In aspects, the display 450 may be a cathode ray tube (CRT), a liquid crystal display (LCD), or light emitting diode (LED). In aspects, the display 450 may be a thin film transistor liquid crystal display (TFT-LCD). In aspects, the display 450 may be an organic light emitting diode (OLED) display. In various aspects, the OLED display is a passive-matrix OLED (PMOLED) or active-matrix OLED (AMOLED) display. In aspects, the display 450 may be a plasma display. In aspects, the display may be interactive (e.g., having a touch screen) that can detect user interactions/gestures/responses and the like.
A user may input and/or modify data via the input device 460 that may include a keyboard, a mouse, or any other device with which the use may input data. The display 450 displays data on a screen of the display 450. The display 450 may be a touch screen so that the display 450 can be used as an input device.
The network card 470 is used to communicate with other computing devices, wirelessly or via a wired connection. Through the network card 470, the computing device 400 may receive, modify, and/or update data from and to a managing server.
The aspects disclosed herein are examples of the disclosure and may be embodied in various forms. For instance, although certain aspects herein are described as separate aspects, each of the aspects herein may be combined with one or more of the other aspects herein. Specific structural and functional details disclosed herein are not to be interpreted as limiting, but as a basis for the claims and as a representative basis for teaching one skilled in the art to variously employ the present disclosure in virtually any appropriately detailed structure.
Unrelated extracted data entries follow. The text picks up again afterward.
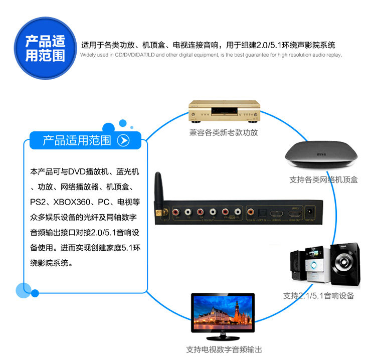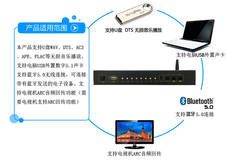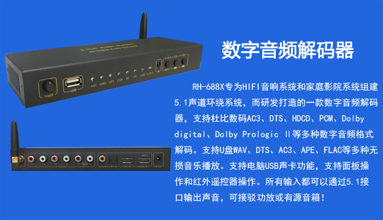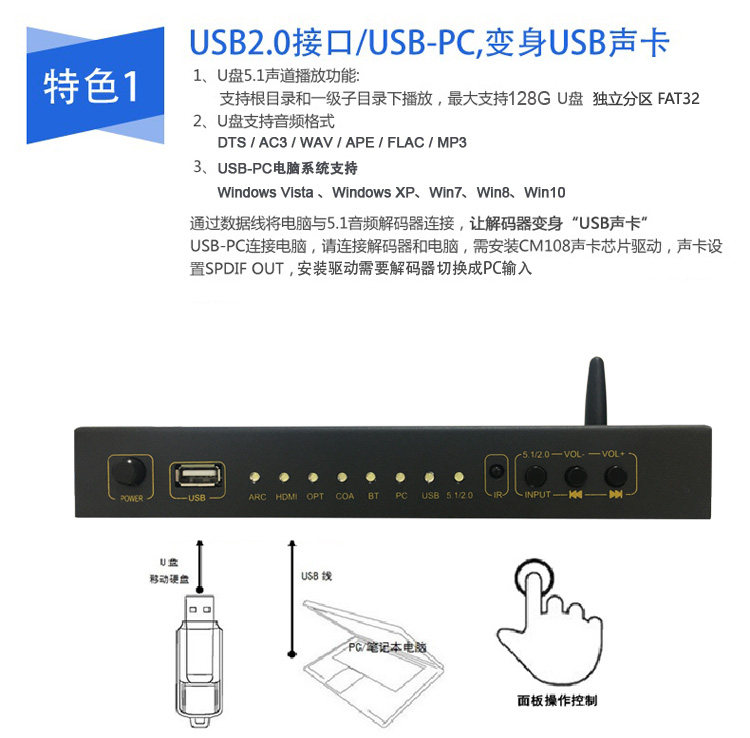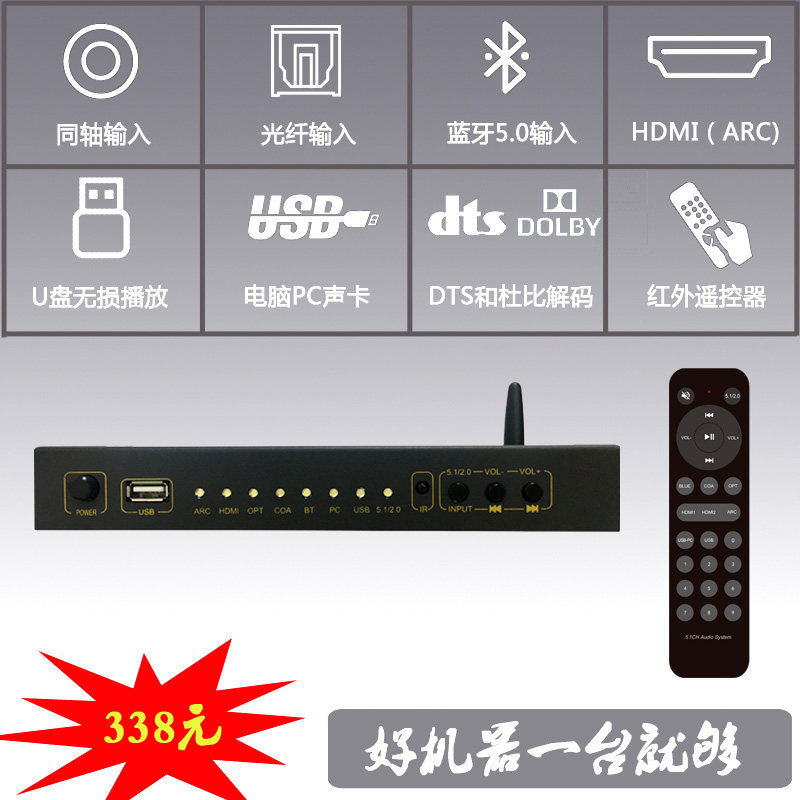 DTS Dolby 5.1 декодер волокон -фрибр коаксиальный HDMI Audio Digital USB -карта дуга Bluetooth U Диск музыка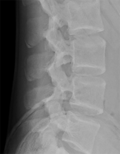 Figura 1: Radiografía lateral de columna lumbar, obsérvese esclerosis y desplazamiento del centro de osificación secundario de las apófisis espinosas de L2, L3 y L4 con esclerosis del fragmento y fragmentación en L3.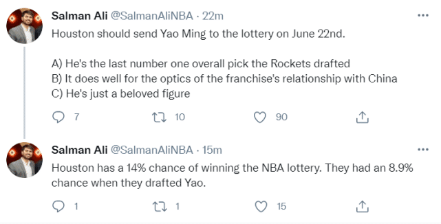 Ali在社媒上写道:“休斯顿应该请姚明参加6月22日(当地时间)的抽签仪式。A.他是火箭上一个选中的状元秀。B.这有助于改善球队和中国之间的关系。C.他是一个大家都喜欢的球员。”Ali还表示,火箭这次有14%的概率抽到状元签,而当年他们在只有8.9%的概率下抽到了状元签,并选择了姚明。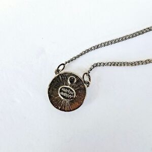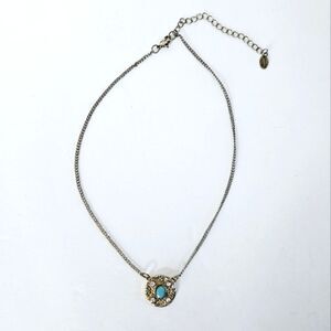 The perfect statement necklace to brighten up any look! Link necklace with lobster clasp and disc pendant design including 1 textured metal gold tone disc pendant accented with a turquoise pave stone and small icy clear crystals. This is in good condition without any missing stones but there is significant wear to the gold plating on the chain. Measures 16" long and can be adjusted up to 20".

It should be understood that various aspects disclosed herein may be combined in different combinations than the combinations specifically presented in the description and accompanying drawings. It should also be understood that, depending on the example, certain acts or events of any of the processes or methods described herein may be performed in a different sequence, may be added, merged, or left out altogether (e.g., all described acts or events may not be necessary to carry out the techniques). In addition, while certain aspects of this disclosure are described as being performed by a single module for purposes of clarity, it should be understood that the techniques of this disclosure may be performed by a combination of units or modules associated with, for example, a fluid dispensing system.